Consider the following: A telephone exchange operator assumes that 8% of the phone calls are wrong numbers.

-If the operator is accurate, what is the probability that the proportion of wrong numbers in a sample of 726 would be less than 7%?

To find the probability that the proportion of wrong numbers in a sample of 726 would be less than 7%, we can use the normal distribution and z-scores.

Step 1: Set up the hypothesis:
Let's assume that the operator is accurate. This means that the true proportion of wrong numbers is indeed 8%.

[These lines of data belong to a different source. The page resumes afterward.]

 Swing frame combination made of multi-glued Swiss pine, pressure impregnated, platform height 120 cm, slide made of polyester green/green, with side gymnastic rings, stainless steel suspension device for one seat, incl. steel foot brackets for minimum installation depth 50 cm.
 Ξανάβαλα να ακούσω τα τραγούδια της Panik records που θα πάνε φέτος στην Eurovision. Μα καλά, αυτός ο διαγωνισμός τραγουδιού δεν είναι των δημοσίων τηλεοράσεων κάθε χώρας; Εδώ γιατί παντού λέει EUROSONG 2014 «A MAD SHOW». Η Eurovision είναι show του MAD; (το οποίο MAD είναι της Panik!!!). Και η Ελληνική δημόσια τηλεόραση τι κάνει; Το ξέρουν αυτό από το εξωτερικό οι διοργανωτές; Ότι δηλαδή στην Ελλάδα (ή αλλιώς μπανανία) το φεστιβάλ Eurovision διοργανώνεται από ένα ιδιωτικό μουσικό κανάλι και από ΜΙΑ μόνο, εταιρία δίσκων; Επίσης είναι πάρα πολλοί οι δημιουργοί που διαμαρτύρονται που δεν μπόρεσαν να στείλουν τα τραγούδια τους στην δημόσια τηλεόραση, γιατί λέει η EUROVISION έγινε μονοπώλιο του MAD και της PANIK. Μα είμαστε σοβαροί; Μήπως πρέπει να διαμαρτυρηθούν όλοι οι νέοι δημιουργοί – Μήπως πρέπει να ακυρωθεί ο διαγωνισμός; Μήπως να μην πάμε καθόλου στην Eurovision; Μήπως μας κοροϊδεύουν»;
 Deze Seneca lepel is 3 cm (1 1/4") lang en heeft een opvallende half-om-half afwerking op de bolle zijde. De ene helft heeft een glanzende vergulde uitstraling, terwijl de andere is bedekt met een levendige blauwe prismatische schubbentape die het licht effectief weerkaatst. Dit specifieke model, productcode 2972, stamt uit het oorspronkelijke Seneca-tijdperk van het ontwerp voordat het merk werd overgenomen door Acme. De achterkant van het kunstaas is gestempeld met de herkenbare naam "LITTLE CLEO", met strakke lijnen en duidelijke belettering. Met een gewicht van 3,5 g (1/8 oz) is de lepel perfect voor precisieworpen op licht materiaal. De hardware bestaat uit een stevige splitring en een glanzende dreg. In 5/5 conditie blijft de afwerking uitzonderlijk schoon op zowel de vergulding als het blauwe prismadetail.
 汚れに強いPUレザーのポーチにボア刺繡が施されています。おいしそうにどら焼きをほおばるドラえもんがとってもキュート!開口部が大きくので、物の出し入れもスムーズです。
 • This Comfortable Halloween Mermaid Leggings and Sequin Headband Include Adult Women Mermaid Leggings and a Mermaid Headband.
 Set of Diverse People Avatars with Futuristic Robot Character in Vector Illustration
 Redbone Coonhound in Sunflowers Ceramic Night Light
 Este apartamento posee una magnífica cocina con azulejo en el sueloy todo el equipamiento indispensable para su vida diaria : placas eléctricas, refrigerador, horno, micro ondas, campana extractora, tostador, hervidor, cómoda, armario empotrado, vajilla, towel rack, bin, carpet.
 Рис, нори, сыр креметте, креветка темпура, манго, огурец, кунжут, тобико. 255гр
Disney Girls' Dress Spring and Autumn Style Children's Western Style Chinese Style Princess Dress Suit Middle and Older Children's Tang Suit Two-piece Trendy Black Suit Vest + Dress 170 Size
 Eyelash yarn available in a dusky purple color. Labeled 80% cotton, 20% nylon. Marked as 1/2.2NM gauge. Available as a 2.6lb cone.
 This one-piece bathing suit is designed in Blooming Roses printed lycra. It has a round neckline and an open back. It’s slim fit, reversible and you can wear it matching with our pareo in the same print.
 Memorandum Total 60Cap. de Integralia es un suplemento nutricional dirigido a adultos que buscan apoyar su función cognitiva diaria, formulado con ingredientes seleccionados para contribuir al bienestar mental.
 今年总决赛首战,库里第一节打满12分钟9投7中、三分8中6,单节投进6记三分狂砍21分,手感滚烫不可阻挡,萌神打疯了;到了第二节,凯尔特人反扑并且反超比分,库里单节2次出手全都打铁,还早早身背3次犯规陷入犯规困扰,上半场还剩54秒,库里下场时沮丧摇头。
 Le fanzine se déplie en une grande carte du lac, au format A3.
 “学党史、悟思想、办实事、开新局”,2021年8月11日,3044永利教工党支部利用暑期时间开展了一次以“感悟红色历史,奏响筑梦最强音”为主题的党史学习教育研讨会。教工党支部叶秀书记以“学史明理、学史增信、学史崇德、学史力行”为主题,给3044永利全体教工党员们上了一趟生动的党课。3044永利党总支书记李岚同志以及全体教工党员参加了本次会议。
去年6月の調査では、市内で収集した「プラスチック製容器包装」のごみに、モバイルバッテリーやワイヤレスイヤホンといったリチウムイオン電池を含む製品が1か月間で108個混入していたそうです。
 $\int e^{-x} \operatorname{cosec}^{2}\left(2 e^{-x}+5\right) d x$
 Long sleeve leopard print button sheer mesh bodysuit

Step 2: Calculate the standard deviation:
Since we are dealing with proportions, we need to calculate the standard deviation using the formula:
σ = √(p(1-p)/n)
where p is the true proportion (8%) and n is the sample size (726).

σ = √(0.08(1-0.08)/726)
= √(0.07264/726)
= √0.0001001
≈ 0.0100

Step 3: Convert the desired proportion (7%) to a z-score:
To calculate the z-score, we use the formula:
z = (x - μ) / σ
where x is the desired proportion (7%), μ is the mean proportion (8%), and σ is the standard deviation (0.0100).

z = (0.07 - 0.08) / 0.0100
= -0.01 / 0.0100
= -1.0

Step 4: Find the probability using standard normal distribution table:
We want to find the probability that the proportion of wrong numbers in the sample is less than 7%. This corresponds to finding the area to the left of the z-score (-1.0) on the standard normal distribution table.

Using the standard normal distribution table or a calculator, we can find that the probability associated with a z-score of -1.0 is approximately 0.1587.

Therefore, the probability that the proportion of wrong numbers in a sample of 726 would be less than 7%, assuming the operator is accurate, is approximately 0.1587 or 15.87%.